The United Kingdom is already a global leader in this sector. At G20 Digital Economy meetings, however, EU member states have been less than enthusiastic in supporting the environment of cross-border digital commerce with less burdensome regulation that the Internet facilitates.

So in the CPTPP, the UK has the opportunity to join an agreement that liberalises, and provides better access for one of the most rapidly growing sectors of its own economy. It would be such a lost opportunity if remaining part of the EU’s regulatory regime were to stand in the way of the UK joining.

While the ‘Common Rulebook’ approach to Brexit is intended to apply only to ‘goods and agri-foods’, modern goods often have services embedded in them. If the UK wants to be a serious player in moving forward on matters critical to the modern economy, remaining part of the EU’s regulatory regime, even just for goods, would not be helpful.

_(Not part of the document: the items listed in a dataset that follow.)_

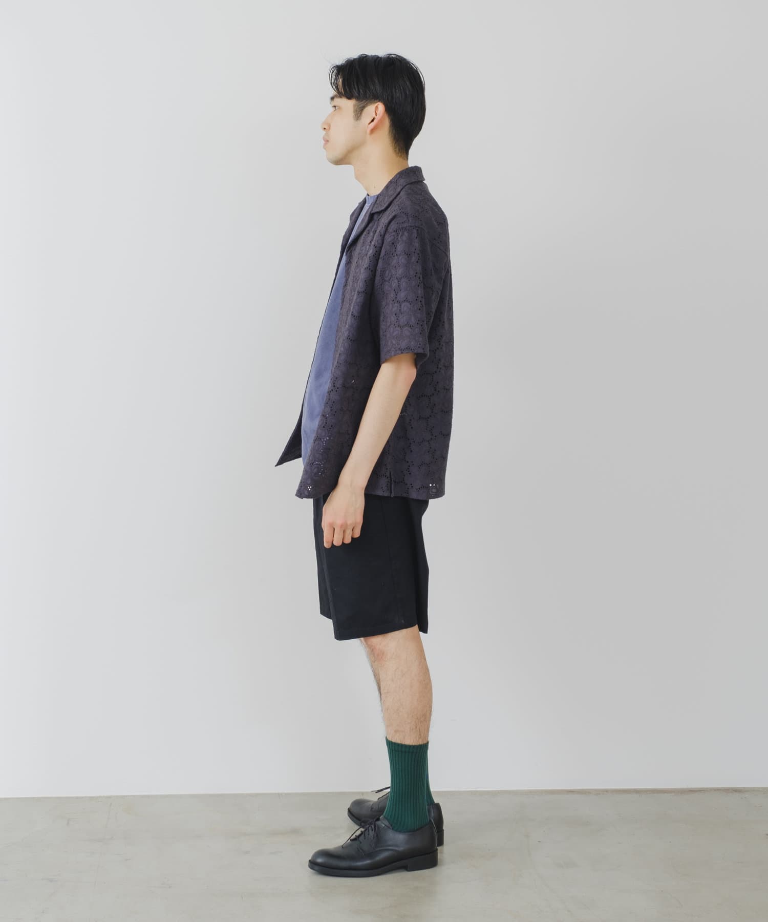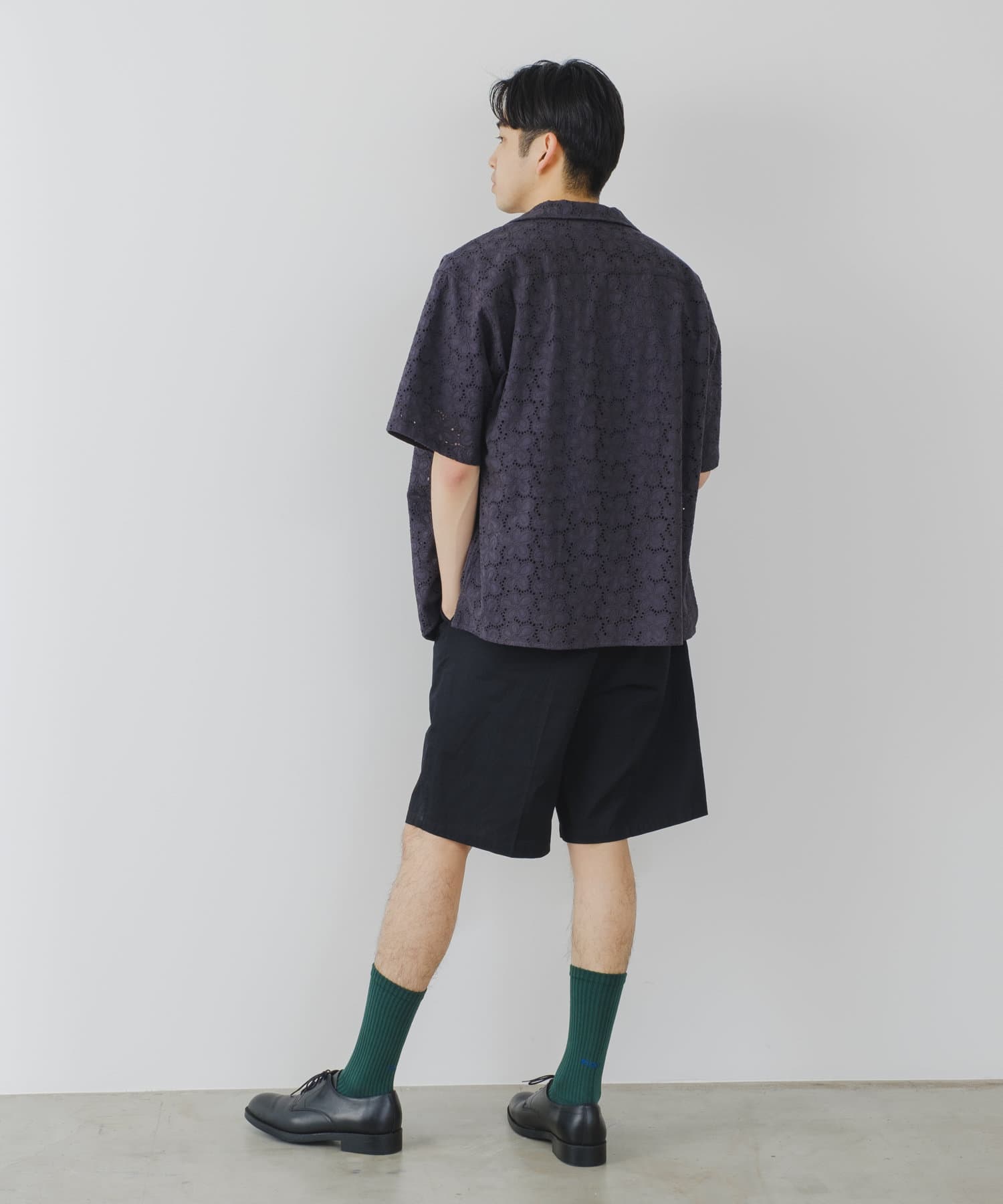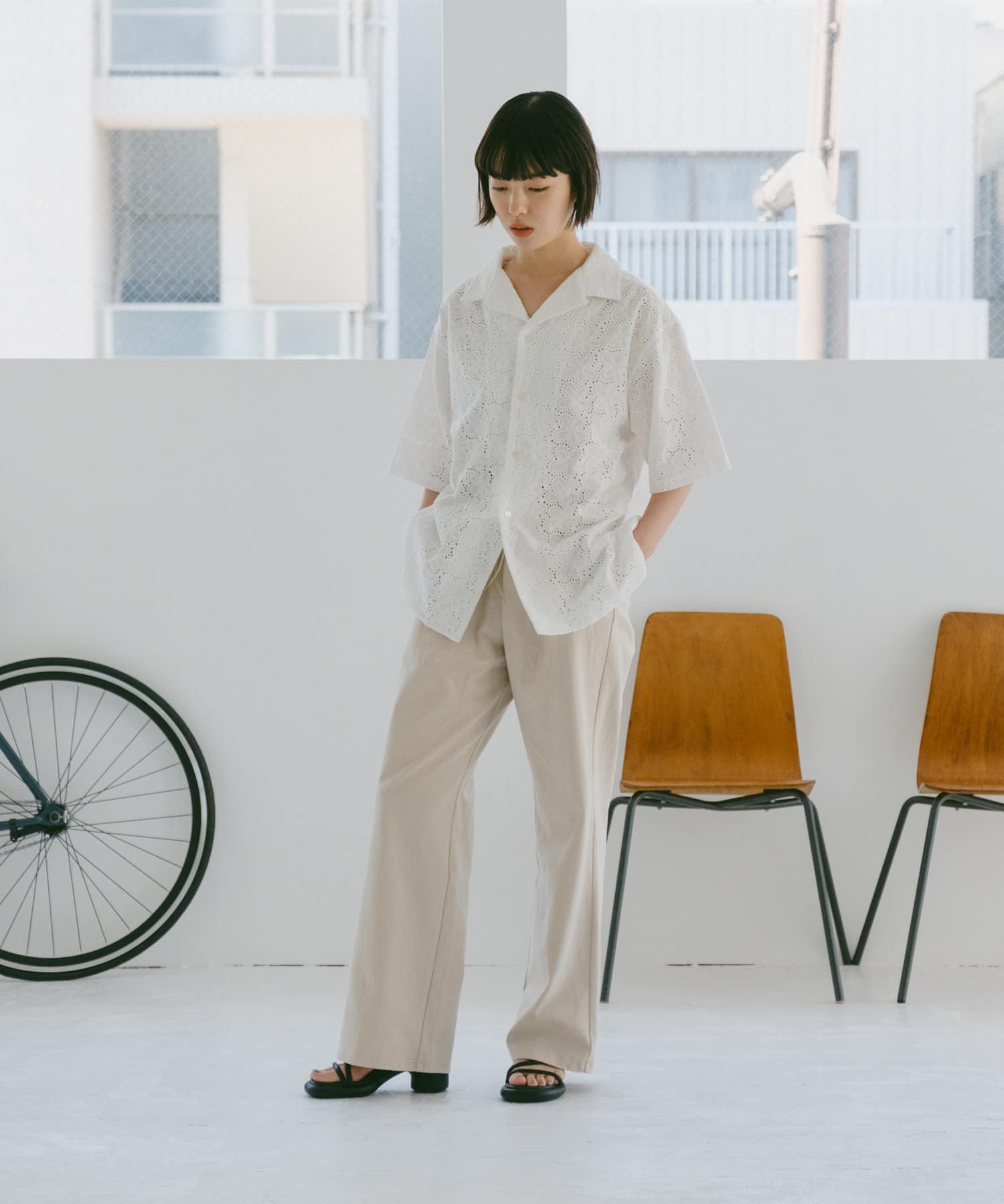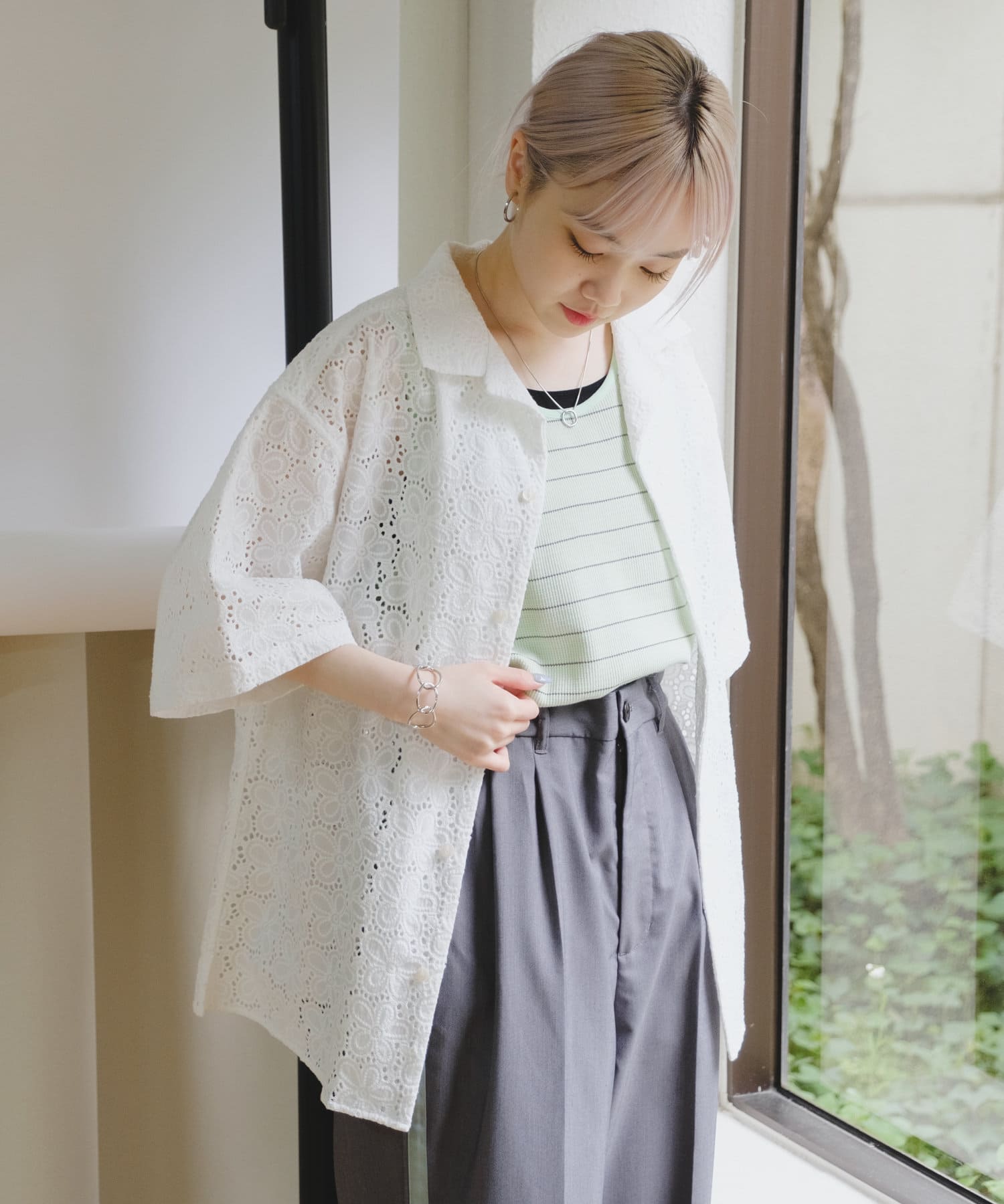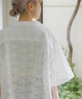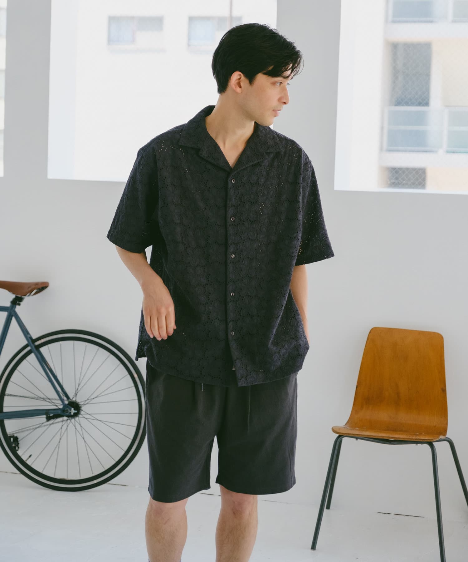 フラワーパターンレース生地を使用したオープンカラーシャツです。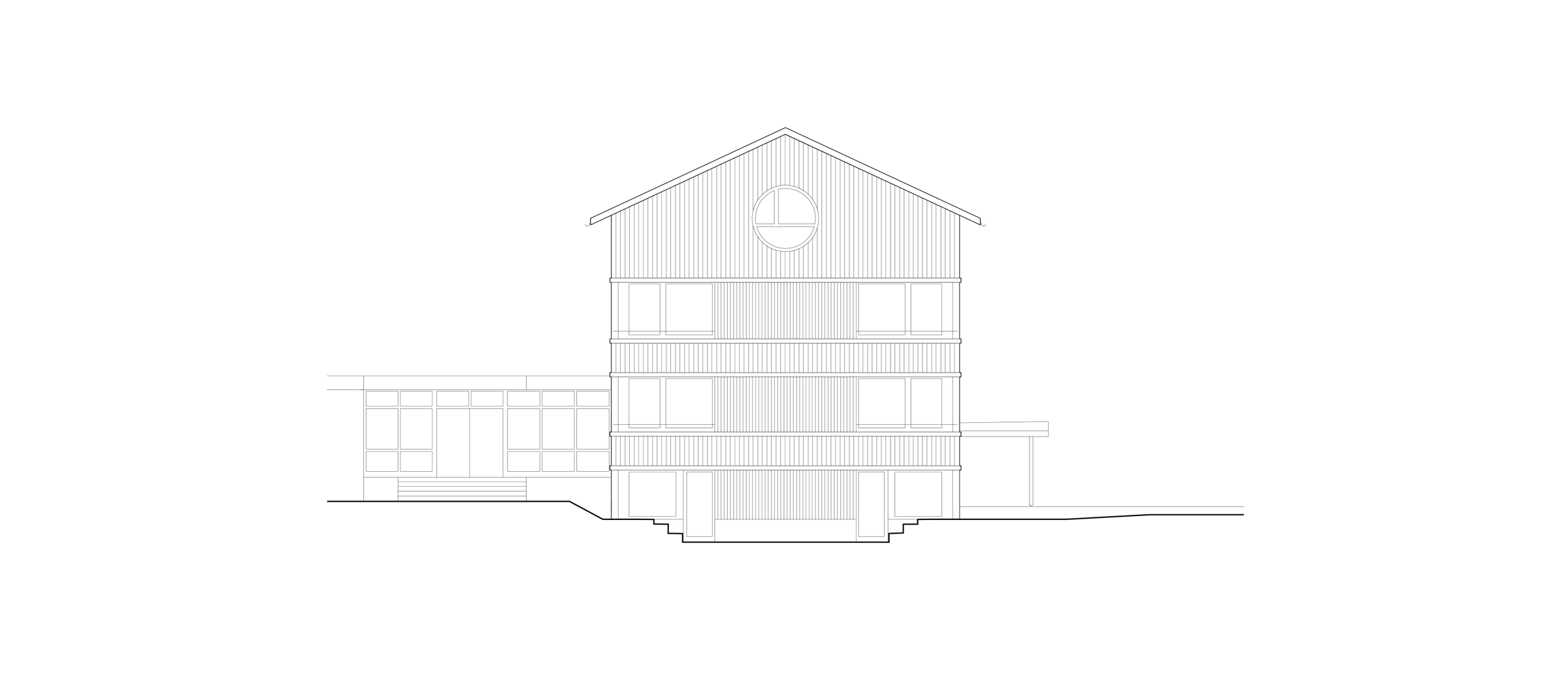 Der neue Kopfbau macht aus der Not eine Tugend: Die Grunddisposition mit der um ein halbes Geschoss versetzten Eingangsebene wird auf die darüberliegenden Gruppenräume übertragen. Diese liegen ein paar Stufen über den Hauptebenen und zeichnen sich so als ruhige Orte des Rückzugs aus. Der Kindergartenbereich im Tiefparterre wiederum profitiert von einer kleinen Aussenarena, welche zwischen dem Innenraum und der Umgebung vermittelt. Neben den drei Unterrichtseinheiten befindet sich im Dachraum ein grosszügiges Lehrpersonenzimmer mit angehängter Mediathek. Der neue, zentral positionierte Lift bedient alle Ebenen und macht die Schule hindernisfrei.
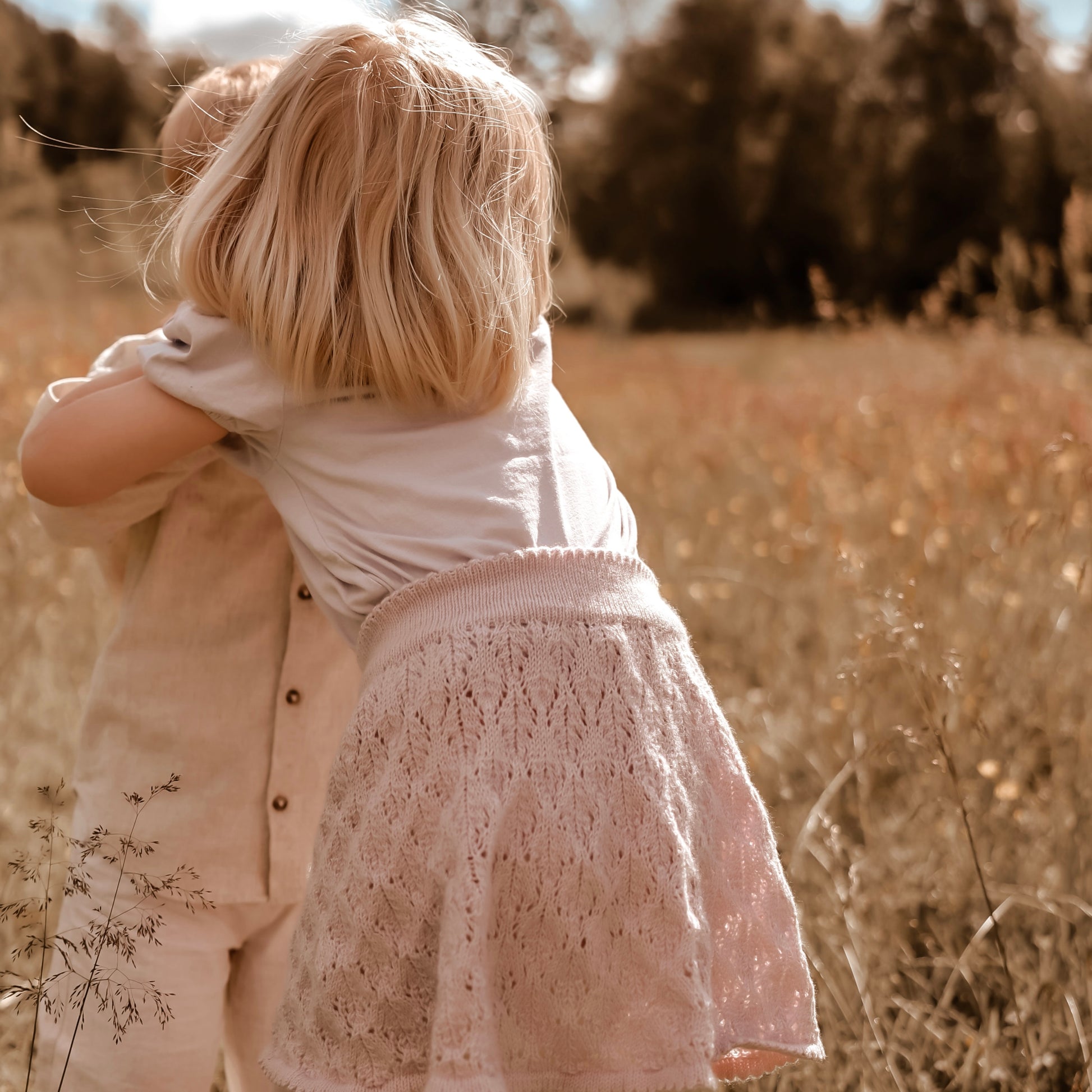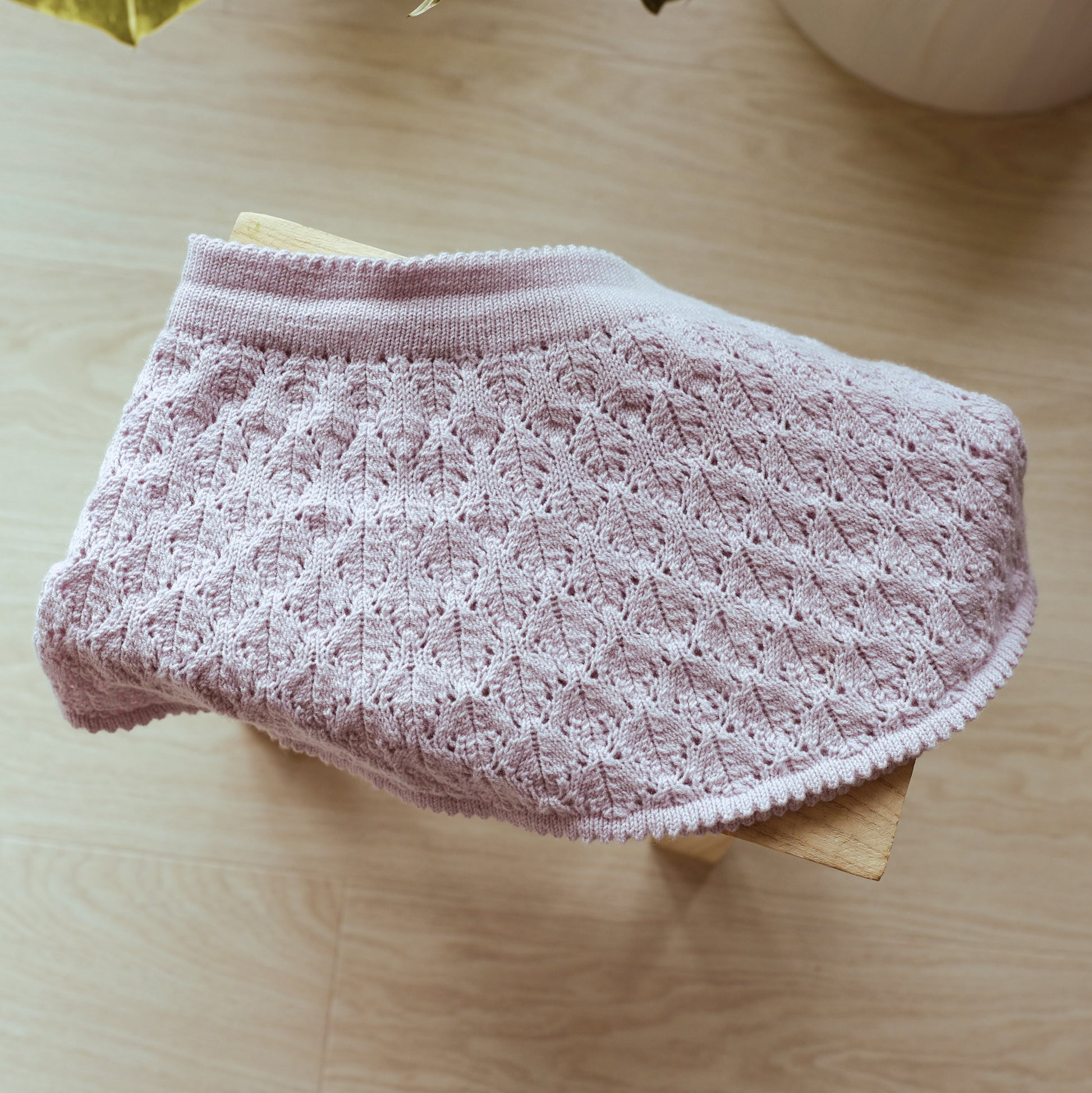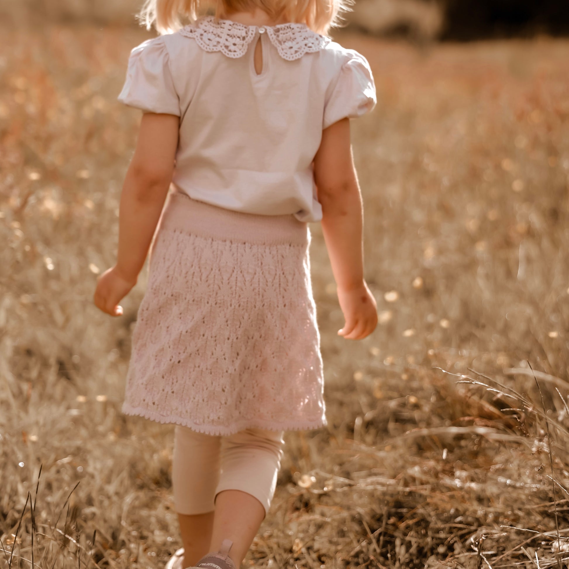Louise skirt junior is knitted from the bottom up and in the round. You start by making a picot edge at the bottom, before the rest of the skirt is knitted in a textured pattern according to the charts. At the top of the skirt a drawstring is knitted and an elastic band is threaded into it to ensure the skirt fits well.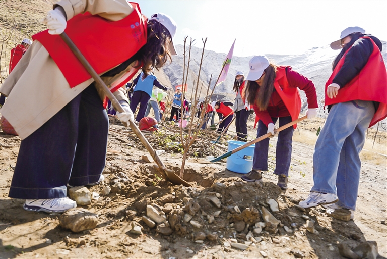 4月29日,由中國建設(shè)銀行西藏自治區(qū)分行、中國建設(shè)銀行總行數(shù)據(jù)管理部、中國建設(shè)銀行上海大數(shù)據(jù)智慧中心、西藏自治區(qū)慈善總會、西藏傳媒集團(tuán)聯(lián)合舉辦的“遇‘建’南北山·‘?dāng)?shù)’植生態(tài)林——我在西藏有棵樹”公益植樹活動在拉薩市白定東2-1號片區(qū)建行南北山綠化項目地舉行。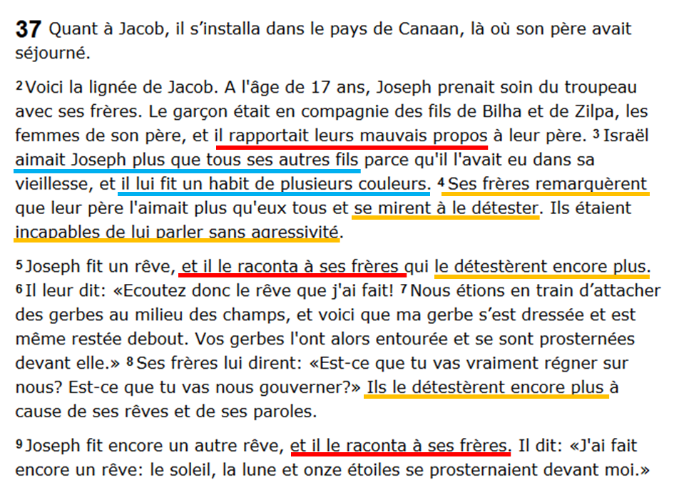 Et toi, qu’en penses-tu? Les frères de Joseph avaient-ils des raisons d’être jaloux de leur frère? Relis les versets 1 à 9. Pour bien cerner la situation, tu peux p. ex. souligner:

The prize CPTPP has to offer is real. During its negotiation, such countries as Japan moved further than ever before in liberalising sensitive sectors of their economy. Matching such progress in a purely bilateral negotiation would be difficult.

What’s more, the centre of gravity of global economic growth has shifted to the Asia-Pacific region. It embodies a dynamism less evident within European economies today. Strategically linking into that region has helped  toraise a country like New Zealand to prosperity from near bankruptcy 30 years ago.

The real prize from Brexit for the UK, and the way to win from leaving the EU, lies in embracing a smart global trade strategy. Bringing the dynamic of the Asia-Pacific region to Europe through joining CPTPP would be a powerful driver of innovation and growth across the entire region.

Now is the time to make decisions that will reap rewards for generations. Deciding to be a rule taker rather than a rule maker risks wasting this historic moment.